Going back to that initial question, then: How do we deal with that brokenness? How do we respond when work and life so often feel out of balance?
Armstrong points to the example and reflections of Pope Gregory I, who, upon leaving his life as a monk to become Pope, dealt with the same tensions we so often face. What Gregory eventually realized is that the “contemplative life” and a life of active work and service needn’t be so separate.
The challenge is to unify each together, leading to what Armstrong describes as “the rhythm of vocation, as God intended”:
After years of tortuous struggle, Gregory finally concluded that the two lives are actually inextricably intertwined. First he saw that action prepares us for devotion. To serve our neighbor in action, we’ve got to fight through the thorns and thistles of work in a fallen world and navigate conflicts that reveal our own flaws and sins. And as that happens, the neediness of others, and our own neediness, drives us back to our first love. You might say we’re flushed out of hiding and into the arms of God.

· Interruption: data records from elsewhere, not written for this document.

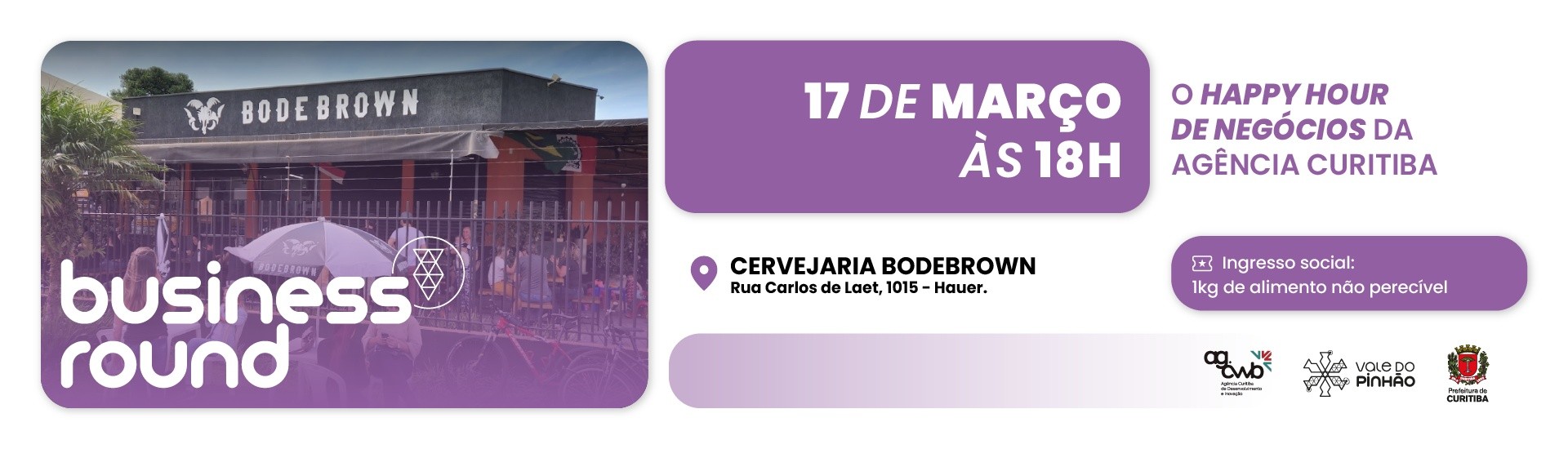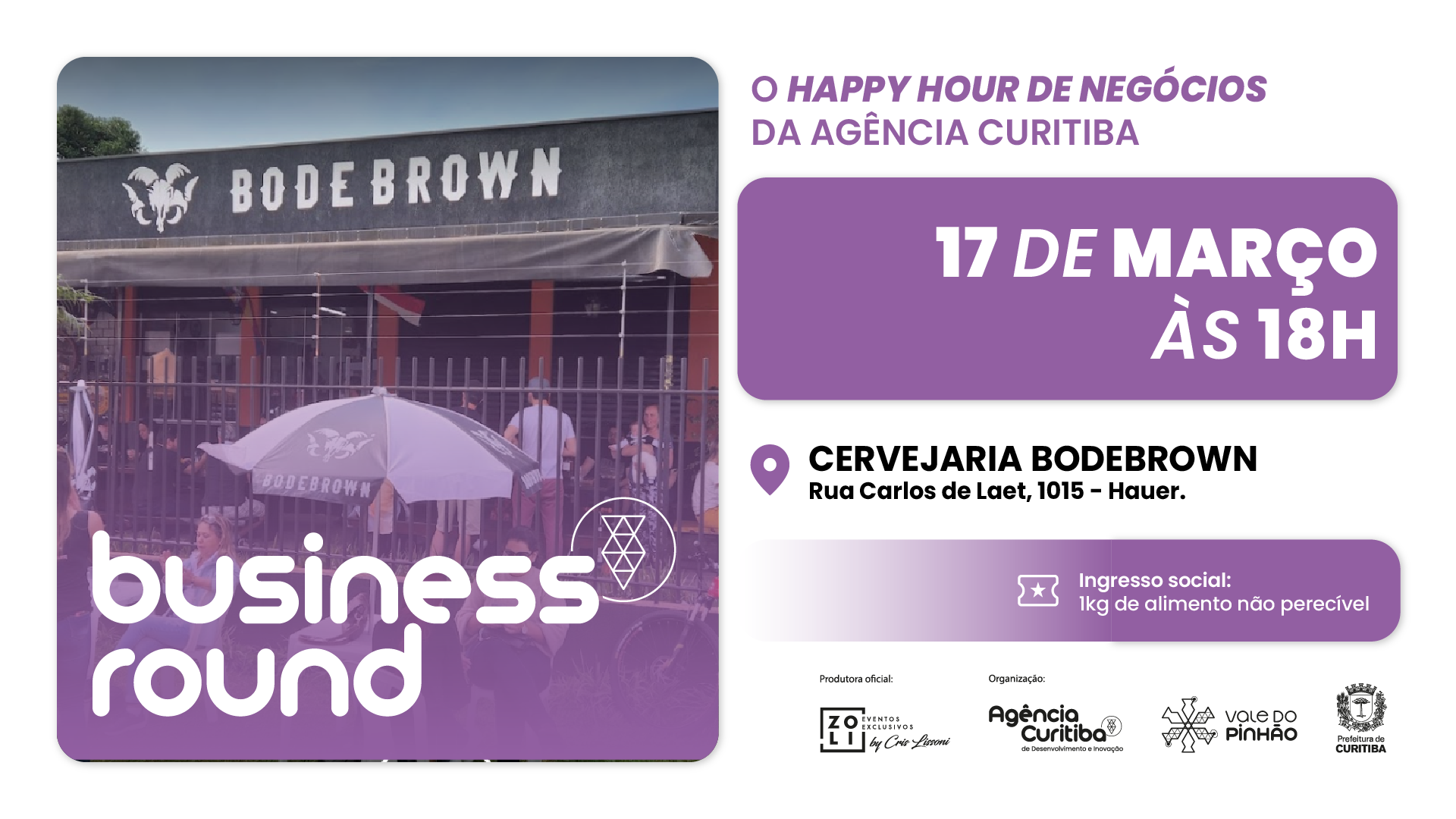 O Business Round retorna no dia 17 de março, em um dos pontos mais icônicos de Curitiba: a Cervejaria Bodebrown, a partir das 18h, reunindo pessoas que acreditam no poder das conexões para impulsionar ideias e negócios.
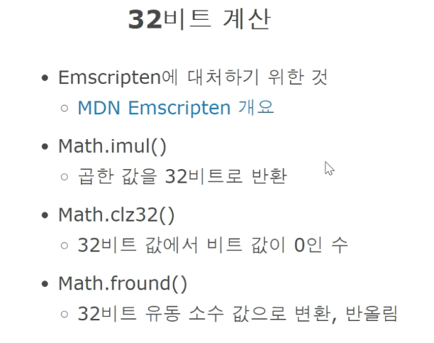 JS는 64비트라서 32비트와는 무관하지만 엠스크립튼에 대처하기 위해 32비트 계산법이 있다고 한다.
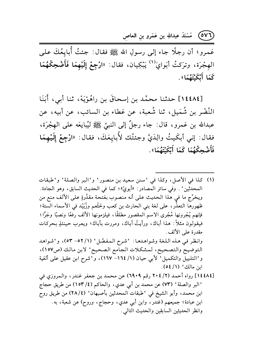 14484 - حدثنا محمَّد بن إسحاقَ بن راهُوْيَهْ، ثنا أبي، أَبَنَا النَّضْر بن شُمَيل، ثنا شُعبة، عن عَطاء بن السائب، عن أبيه، عن عبد الله بن عَمرو، قال: جاء رجلٌ إلى النبيِّ صلى الله عليه وسلم ليُبايعَه على الهِجْرَة، فقال: إني أبكَيتُ والِدَيَّ وجئتُك لأُبايِعَكَ، فقال: «ارْجِعْ إِلَيْهِمَا فَأَضْحِكْهُمَا كَمَا أَبْكَيْتَهُمَا» .
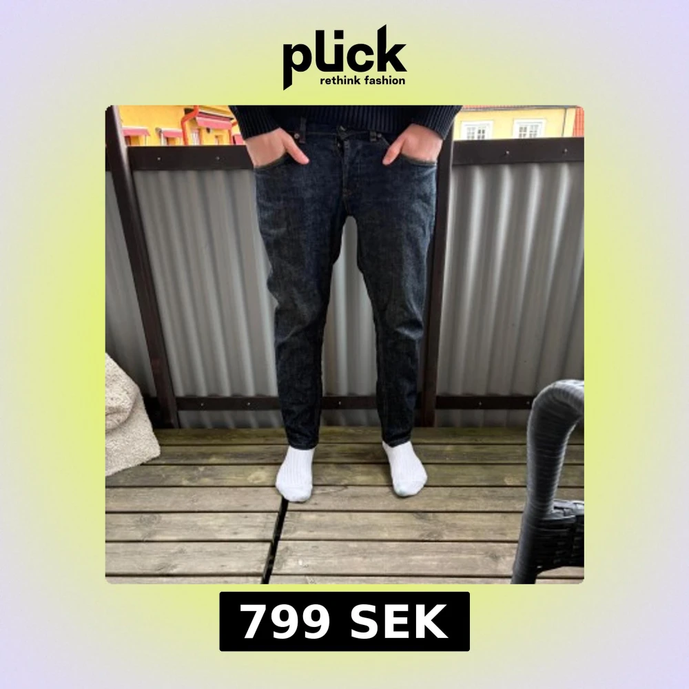 Säljer ett par mörkblå selvage dondup George! Dessa jeansen är tvär feta och blir bara fetare desto mer du har på de. Skicket är 8/10. Modellen på bilden är 178 cm lång. Priset kan diskuteras vid snabb affär!🍾
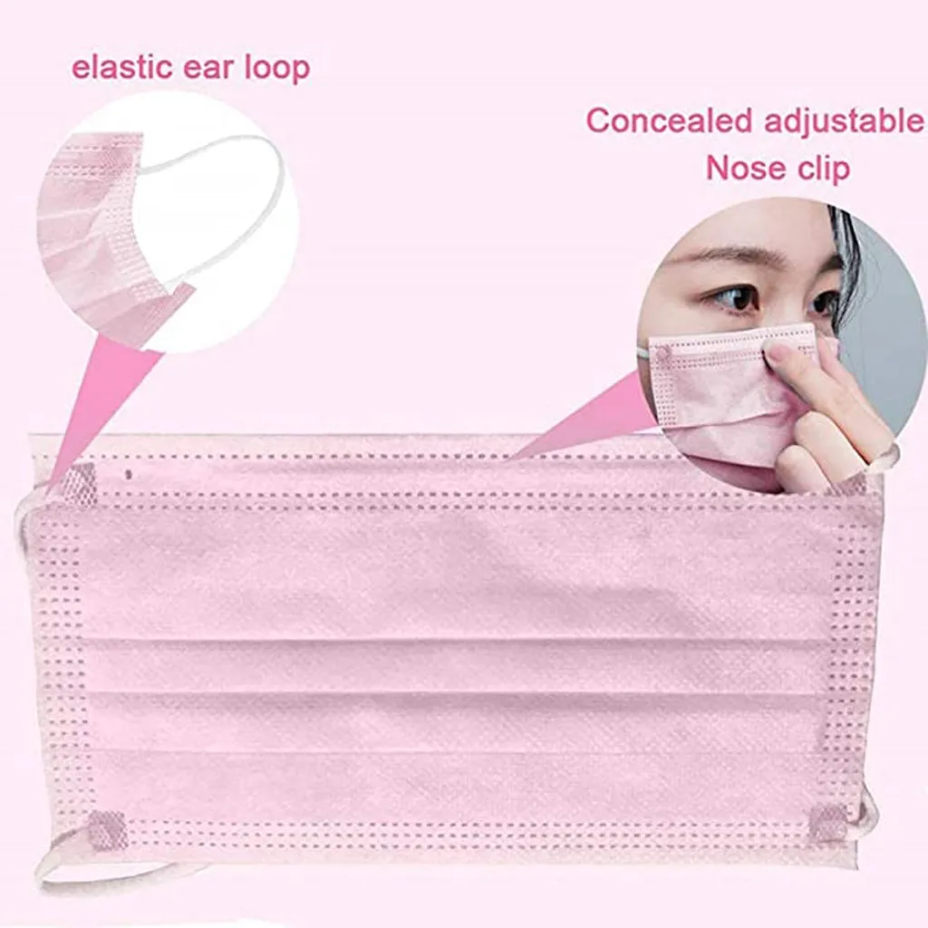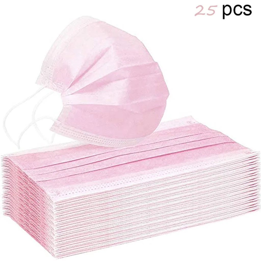25 шт. одноразовые маски для лица, розовые противопыльные Многослойные одноразовые маски для лица, нетканые одноразовые маски для лица
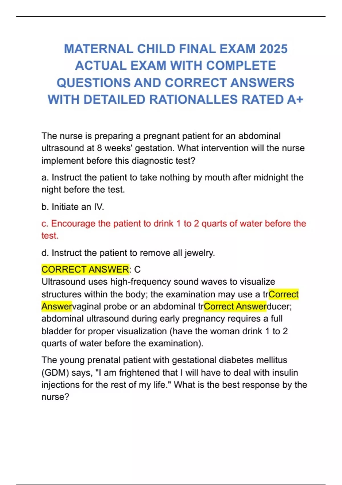 MATERNAL CHILD FINAL EXAM 2025 ACTUAL EXAM WITH COMPLETE QUESTIONS AND CORRECT ANSWERS WITH DETAILED RATIONALLES RATED A+
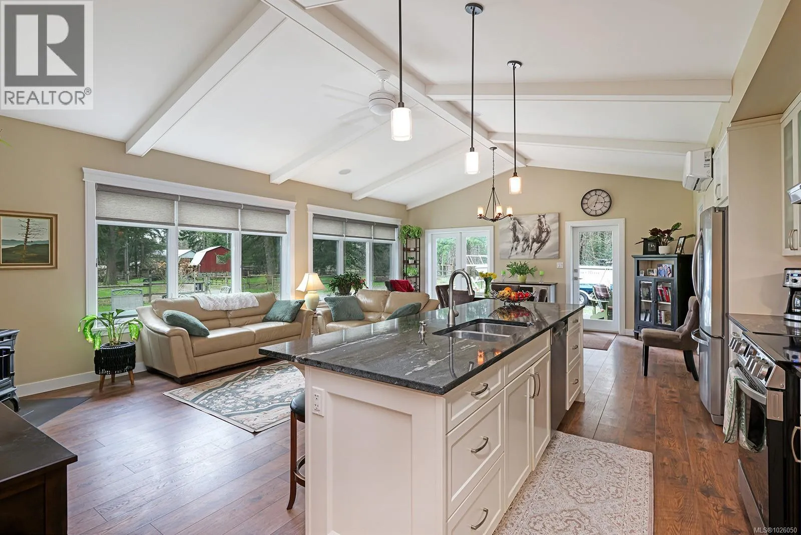 What an absolute dream - 5 beautiful acres, two turnkey homes located on a quiet dead-end street close to Courtenay in the Huband Elementary catchment. The larger home has four bedrooms on the upper floor, cozy wood stove in the bright living room, a country kitchen and unfinished lower family room - it sits closest to the road near the detached shop and fenced garden area. There are more gardens, coops and a lovely red barn between the large home and the newer rancher. A two bedroom rancher built in 2015, with vaulted ceilings and an open layout sits at the rear of the property with its own privacy backing onto ALR farmland. The homes have ample privacy from each other and surrounding properties. Both homes share a well that flows well and provides quality water. They each have their own septic systems. This set up is ideal for multigenerational arrangements, rental income or shared-land. Bring your ideas and put down roots. (id:27476)
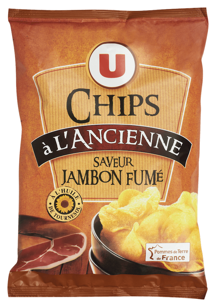 Chips à l'ancienne saveur jambon fumé U sachet 135gChips à l'ancienne saveur jambon fumé U sachet 135g
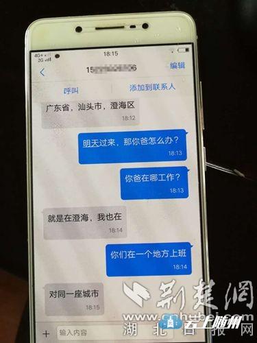 安陆民警和失联旅客儿子小刘的短信记录(警方报案登记附件截图)
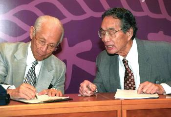 8月30日,著名应用数学家、中科院外籍院士林家翘教授(左)与美国加州大学教授、中科院外籍院士冯元桢在乐竞官方端网站登录入口周培源应用数学研究中心成立大会上。当日,乐竞官方端网站登录入口周培源应用数学研究中心成立,以推动我国数学与科学之间的交叉性和前瞻性研究。该中心聘请国际著名应用数学家林家翘教授为名誉主任,聘请世界知名数学家、美国布朗大学教授谢定裕博士为主任。新华社记者王呈选摄�/p>
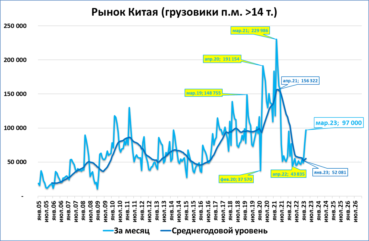 В марте, по предварительным данным, рынок Китая вырос до 97 тыс.
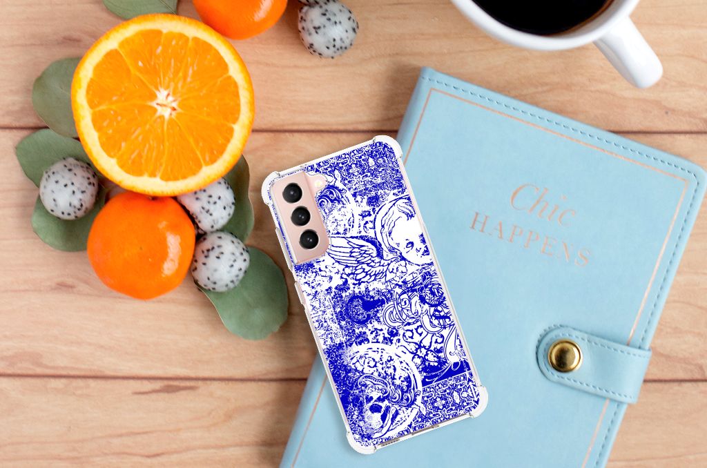 Extreme Case Samsung Galaxy S21 FE Angel Skull Blauw
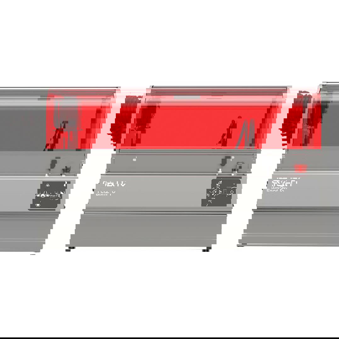 Mit seinem volltransparenten, tiefroten Deckel bietet der Falcon2 Pro eine uneingeschränkte Sicht auf den Arbeitsbereich. Sie können den gesamten Gravurprozess ohne Schutzbrille verfolgen - ästhetisch ansprechend und maximal funktional.
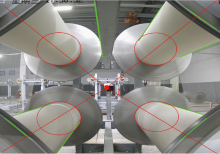 Fitting interfering ellipses to metal discs at end of warp beam"
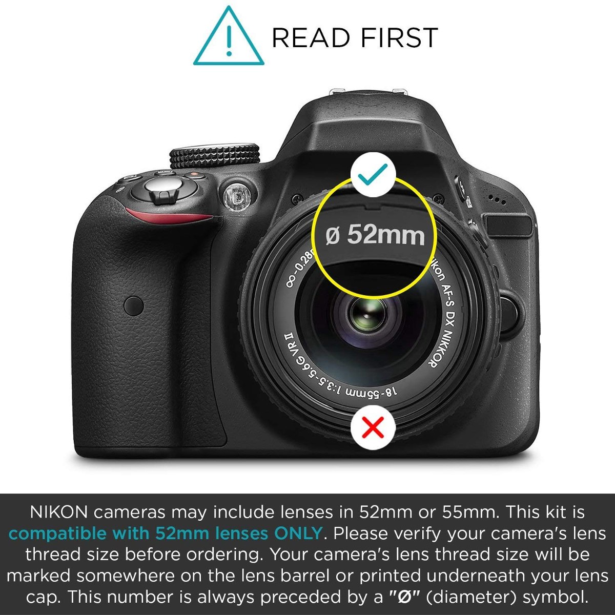 El kit incluye: 52mm Vivitar Juego de filtro (ultravioleta UV, Polarizador circular CPL, FLD fluorescente) + filtro lleva la bolsa + flor del tulipán capilla de lente de + 52mm Altura centro de la foto de la lente pizca w / Cap Guardián correa + MagicFiber microfibra paño de limpieza de la lente; Compatibilidades lente: modelos populares 52mm incluyen NIKON AF-S DX 18-55 mm F / 3.5 a 5.6 VR, AF-S DX 55-200mm F / 4-5.6 VR, CANON EF-M 18-55mm IS STM, Canon EF 50mm f / 1,8 II, Pentax DA 18-55 mm f / 3,5-5,6 AL WR, Canon EF-M 18-55mm f3.5-5.6 IS STM lente sistema compacto .; Modelos de la cámara: NIKON DSLR (D3300 D3200 D3100 D5500 D5300 D5200 D5100) .; También es compatible con la Canon EF 50 mm f / 1,8 II. Sistema compacto EOS M M3 sin espejo de la cámara EF-M 18-55mm IS STM lentes de zoom .; Apoyado con Goja Digital garantía de satisfacción de 90 días 100%. Tamaño: 52mm
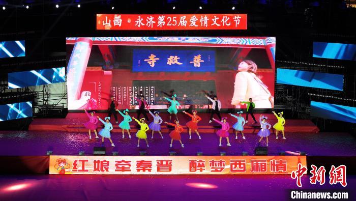 中新網(wǎng)運(yùn)城9月27日電 (楊佩佩 陸祁國)“紅娘牽秦晉醉夢西廂情”山西·永濟(jì)第25屆愛情文化節(jié)開幕式26日晚在山西永濟(jì)舜帝山森林公園舉行。
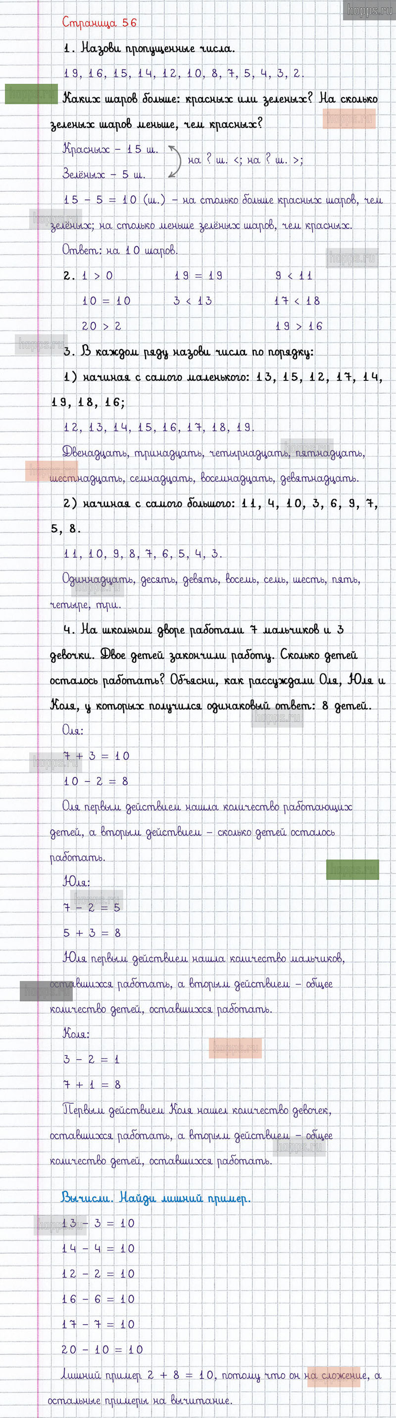 Подробные ответы к заданиям, расположенным на 56 странице 2 части учебника по математике авторов М.И. Моро, С.И. Волкова, С.В. Степанова для учащихся 1 класса.

At the same time, Gregory saw that to practice devotion in what we might call our “Sabbath times” is not just to stop working; it’s to reframe our work. That can happen on Sundays, yes, but also in little moments stolen in the course of an ordinary day…As we slow down, come back into the conscious presence of God, we hit the reset button. God helps us clear away the junk and renew the vision of our true vocation. We experience his love again, and through the overflow of that love, we can again actively love our neighbor through our work.
What [Pope Gregory I] rediscovered was the rhythm of vocation as God had intended it. Like a slow dance, our work leads the way to devotion. Our devotion leads the way to work. And at every step, our partner — first God, then neighbor, then God — leads us out of our selfishness and into love.
Rather than working unto the office or the vacation or the paycheck or the retirement dream, we should remember that Christian vocation extends before and beyond our cultural priorities of the day. Whatever we do, we can work heartily unto the Lord, as Paul urged us, resting in God even as we serve our neighbors and work unto his glory in the world.